‘Rewilding’ makes it sound positive and trendy. ‘Glamping’ is the next thing that springs to mind. On our farm in deepest France it was simply logical; the inevitable outcome of poor land, low prices, and dearth of labour. Indeed, scarcity of inhabitants. The French term for abandoned land, or fringe hand never brough into cultivation, is ‘friche’. We had lots, once either grazed or even ploughed, since then just neglected as scrub invaded. Parts were rocky, other parts inclined to bog. There were open spaces where purple orchids made an appearance and impenetrable tangles of blackthorn and bramble and incipient hornbeam and oak. ‘Bramble nurses oak’ was almost a local saying.
My antique Massey Ferguson could, noisily, clear paths – backwards. I would raise the ‘girobroyeur’ , the hydraulic shredder, to about waist height, set the heavy spinning blade going, and back into the tangle with a crash, juddering and sending torn branches flying. Then I would do it again, with the contraption a fraction lower. A few ear-shattering passes like this and a rough track, full of snags, appeared. The midges appeared with it, or, worse, clouds of the tiny insects called aoutats (relating them, I suppose, to August; they appear after harvest). Aoutats are the larvae of a spider, but whereas the spider does no harm, its larvae get under your skin – in every sense. Once a cloud of them bit me all over, most maddening when they invaded the palms of my hands. Thunder bugs, thrips, ticks; I’m no entomologist or arachnologist. I simply say don’t stint on the geranium oil.

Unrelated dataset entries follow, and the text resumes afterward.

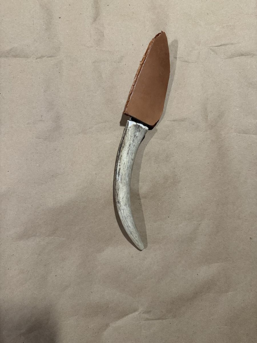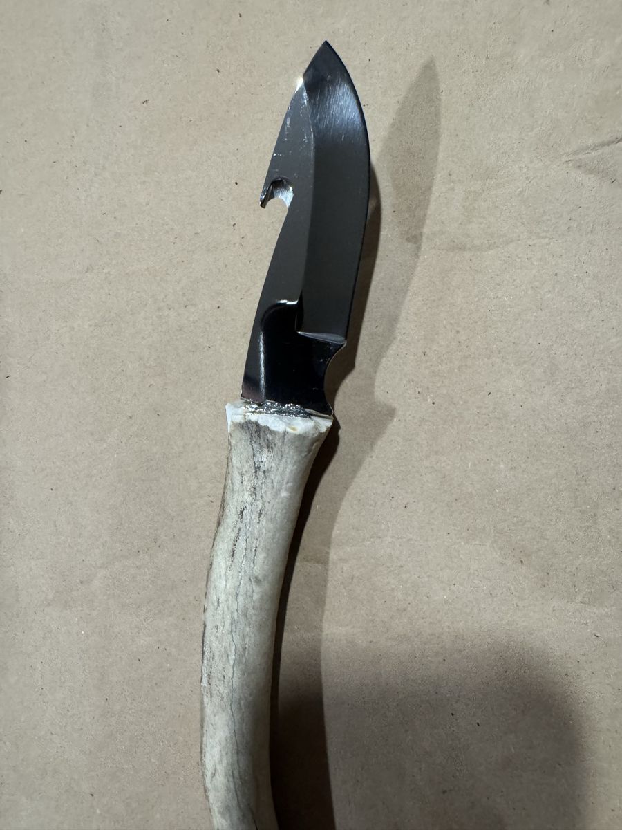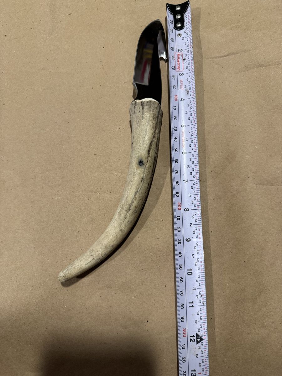 Custom hand made with antler hilt. Has leather cover. Overall length is 10"in with a 4"in hook blade.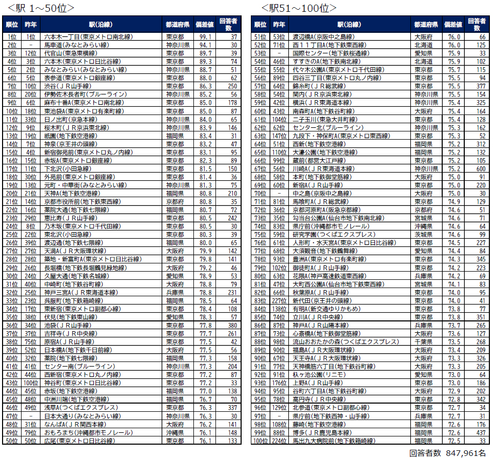 ●首都圏1都3県は、1位は3年連続で、1位は六本木一丁目(東京都)です。2位は初登場の馬車道(神奈川県)で、昨年は累計回答者数が30名未満でランキングの集計対象外でした。3位は代官山(東京都)で、昨年12位から順位を上げました。トップ2の駅は、偏差値90台の極めて高い評価を得ています。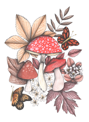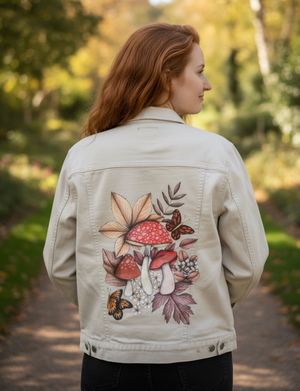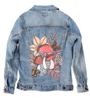 MUSHROOMS MAGIC 1 by CECILIA BATTAINI, digitally printed on a hand-made Denim Jacket with 3 color choices: Stonewash, White, or Black. Unisex XS S M L XL 2X 3X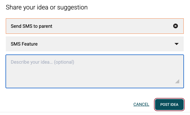 Select a category from the drop down, enter a description of your idea and click on post idea.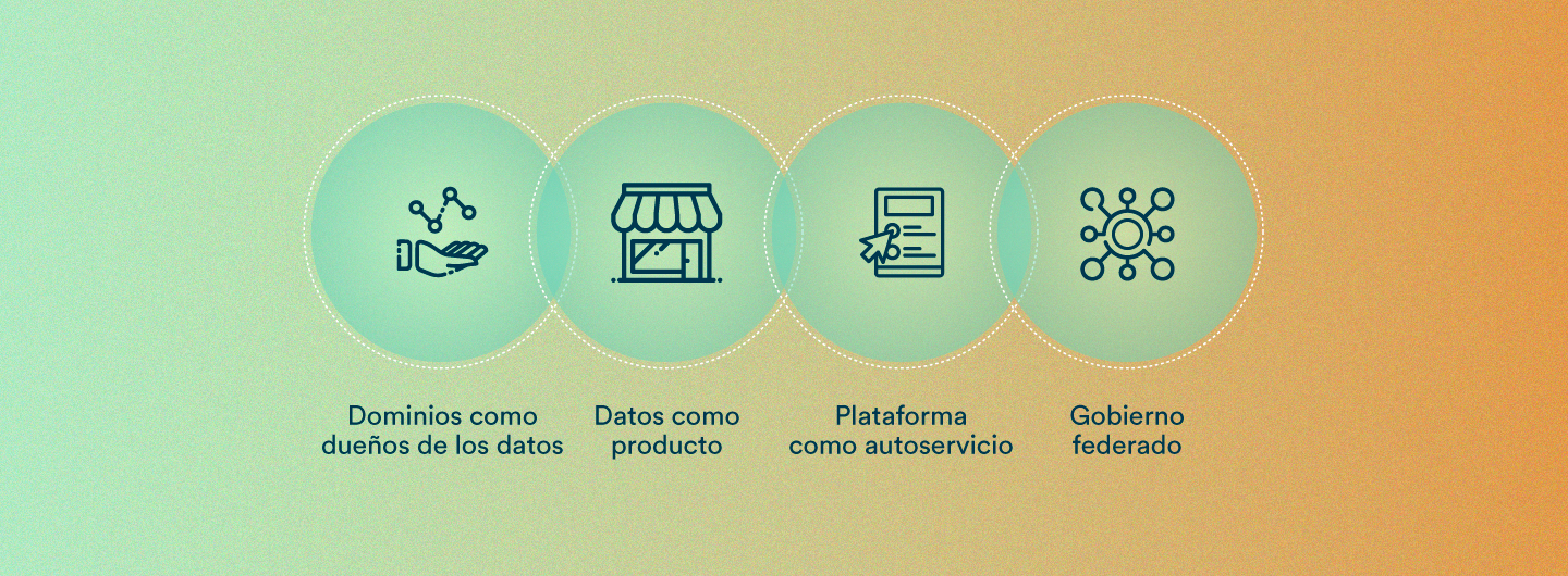 El Data Mesh propone un cambio de paradigma basado en cuatro pilares fundamentales: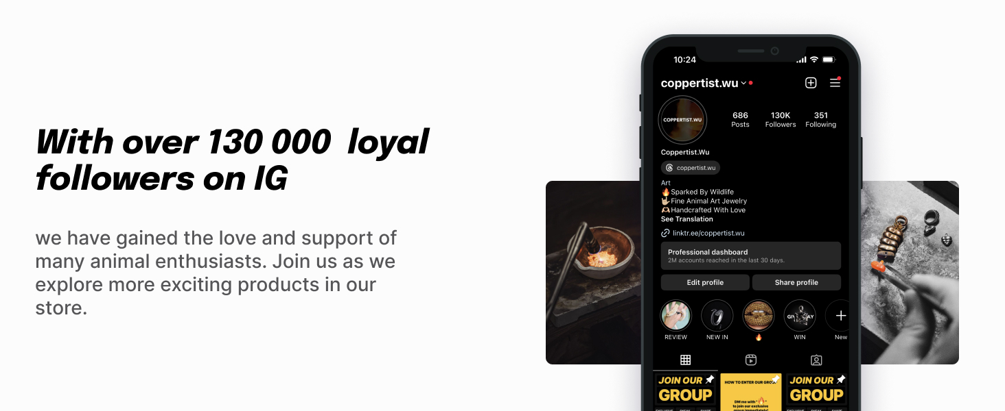 نبذة عنا: نحن نقدم قطعًا مصنوعة بدقة باستخدام أجود المواد والحرفية فقط. نريد الأفضل لعملائنا. مهمتنا هي إعادة نقش جمال الحيوانات وتصميم أعمال فنية أكثر روعة وعملية، وذلك بفضل الحياة البرية. ابحث عن COPPERTIST.WU على أمازون لمزيد من تصميماتنا المتميزة!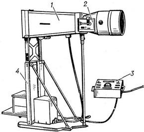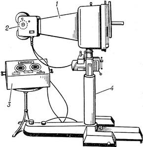 ![]() Рис. 2. Малокадровый флюорограф Ф-55: 1 - тубус; 2 - камера; 3 - пули управління; 4 - штатив. |

My tracks enabled me to explore parts of the farm that no one had bothered with for decades. You could tell how long by the height of the trees – on their way to becoming the eventual forest. Birch is always one of the pioneer trees, but some of our land was so dry and acid that even birches stalled and died. Here and there a juniper struggled through the undergrowth. Hornbeam and oak were the first species to become seriously established, along with wild service tree, Sorbus torminalis, which grew even in the driest and darkest conditions, regardless, it seems, of soil acidity off the chart.
Foresters showed me their patient way of converting friche to woodland; a question of watching the canopy, at whatever height, year after year,and cutting out anything that competed for the light with something more desirable. Most often it was hornbeam, at twenty or even thirty feet, blocking the light from a slender oak. They felled the hornbeams (whose coppice would probably survive to grow several new stems, unless the ubiquitous deer munched it first.). The oak, released, would go on for another century or so to become a valuable tree and parent of many more.
The coulter? The Duke of Burgundy in Shakespeare’s Henry V laments his war-torn land. ‘Nothing teems but hateful docks, rough thistles, kecksies, burrs….while that the coulter rusts that should deracinate such savagery.’ Reluctant rewilding.